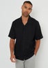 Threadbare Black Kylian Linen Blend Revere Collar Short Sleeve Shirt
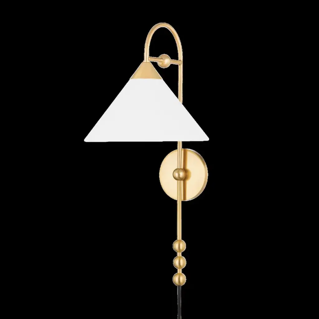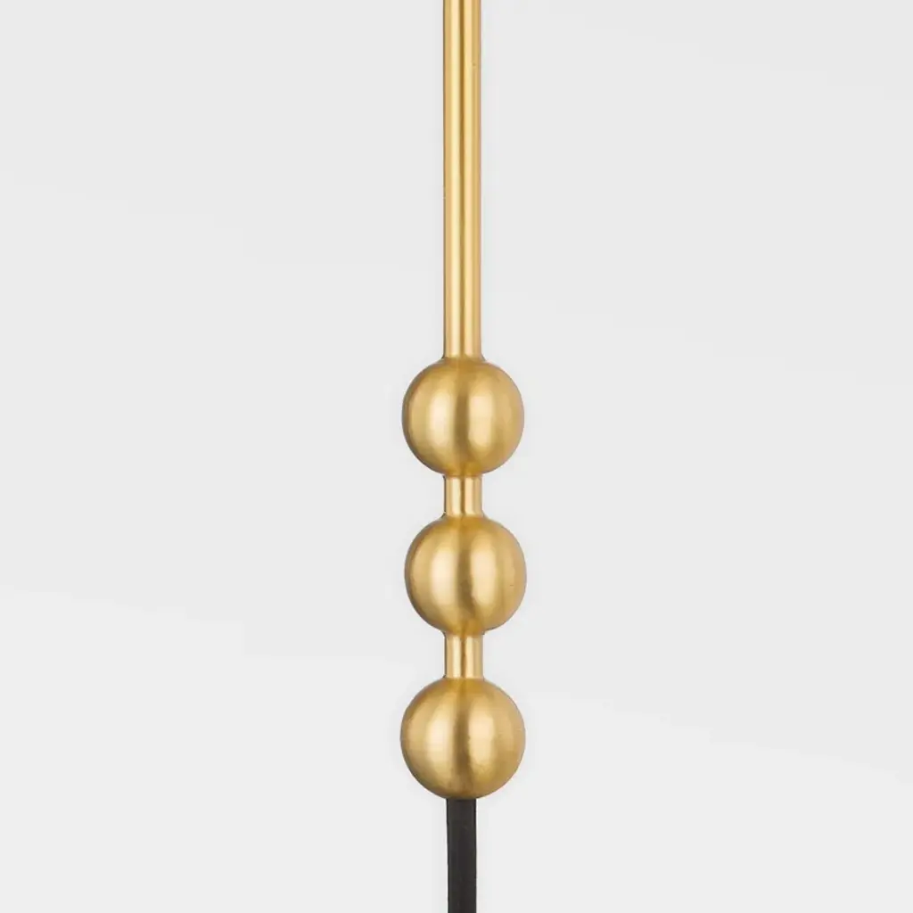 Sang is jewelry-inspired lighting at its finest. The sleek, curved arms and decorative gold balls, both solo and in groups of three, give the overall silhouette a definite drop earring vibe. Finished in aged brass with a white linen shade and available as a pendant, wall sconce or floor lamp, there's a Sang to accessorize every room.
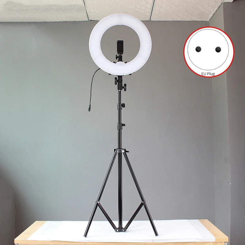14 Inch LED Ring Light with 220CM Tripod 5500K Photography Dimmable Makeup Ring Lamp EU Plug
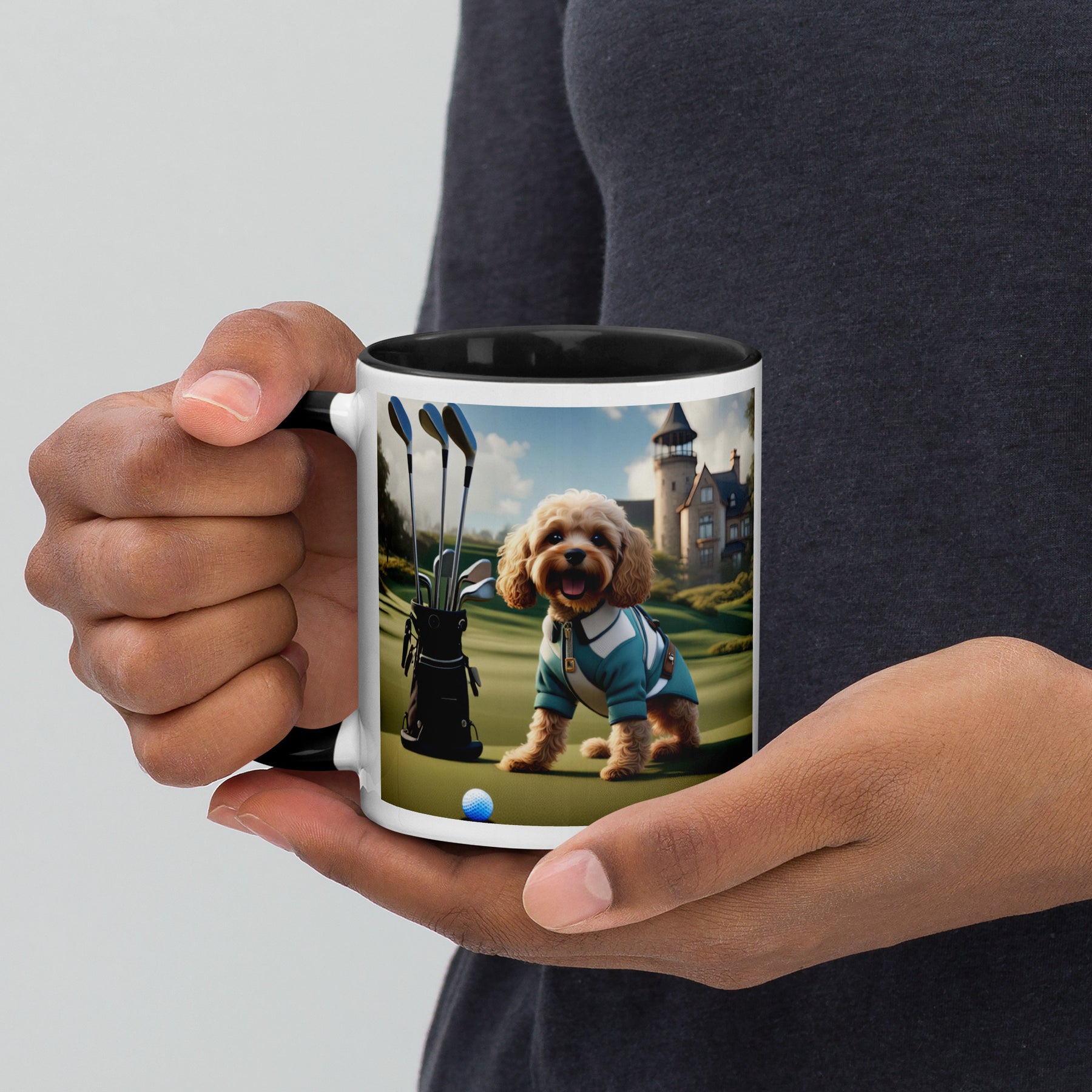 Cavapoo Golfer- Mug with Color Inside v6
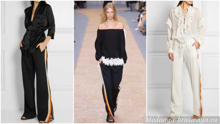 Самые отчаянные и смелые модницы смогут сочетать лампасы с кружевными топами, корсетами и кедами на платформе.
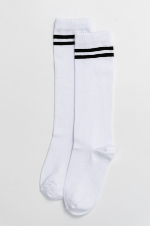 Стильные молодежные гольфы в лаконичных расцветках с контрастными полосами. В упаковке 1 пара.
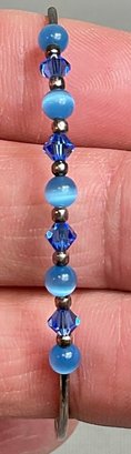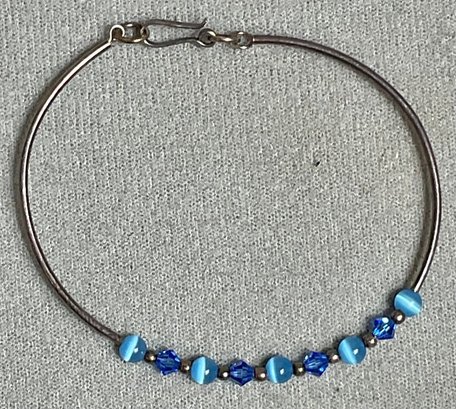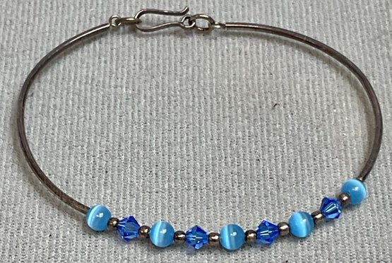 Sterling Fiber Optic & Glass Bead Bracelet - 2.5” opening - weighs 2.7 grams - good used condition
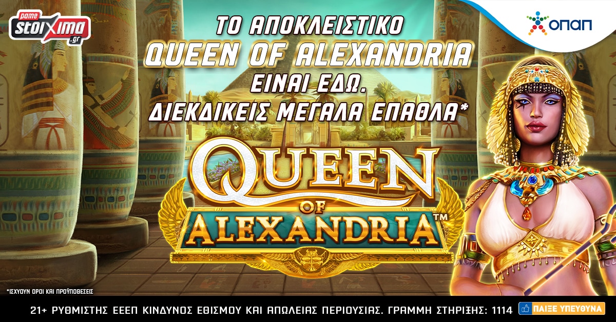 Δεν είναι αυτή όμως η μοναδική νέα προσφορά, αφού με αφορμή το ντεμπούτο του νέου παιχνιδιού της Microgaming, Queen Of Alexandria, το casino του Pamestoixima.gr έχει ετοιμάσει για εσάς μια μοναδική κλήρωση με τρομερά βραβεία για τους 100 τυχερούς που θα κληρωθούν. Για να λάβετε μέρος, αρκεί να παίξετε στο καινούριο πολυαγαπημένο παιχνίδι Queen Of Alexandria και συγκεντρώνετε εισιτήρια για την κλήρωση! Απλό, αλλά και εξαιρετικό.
---
Please return the whole listing exactly. Do not copy its images.

 Threadbare Black Kylian Linen Blend Revere Collar Short Sleeve Shirt
 Sang is jewelry-inspired lighting at its finest. The sleek, curved arms and decorative gold balls, both solo and in groups of three, give the overall silhouette a definite drop earring vibe. Finished in aged brass with a white linen shade and available as a pendant, wall sconce or floor lamp, there's a Sang to accessorize every room.
14 Inch LED Ring Light with 220CM Tripod 5500K Photography Dimmable Makeup Ring Lamp EU Plug
 Cavapoo Golfer- Mug with Color Inside v6
 Самые отчаянные и смелые модницы смогут сочетать лампасы с кружевными топами, корсетами и кедами на платформе.
 Стильные молодежные гольфы в лаконичных расцветках с контрастными полосами. В упаковке 1 пара.
 Sterling Fiber Optic & Glass Bead Bracelet - 2.5” opening - weighs 2.7 grams - good used condition
 Δεν είναι αυτή όμως η μοναδική νέα προσφορά, αφού με αφορμή το ντεμπούτο του νέου παιχνιδιού της Microgaming, Queen Of Alexandria, το casino του Pamestoixima.gr έχει ετοιμάσει για εσάς μια μοναδική κλήρωση με τρομερά βραβεία για τους 100 τυχερούς που θα κληρωθούν. Για να λάβετε μέρος, αρκεί να παίξετε στο καινούριο πολυαγαπημένο παιχνίδι Queen Of Alexandria και συγκεντρώνετε εισιτήρια για την κλήρωση! Απλό, αλλά και εξαιρετικό.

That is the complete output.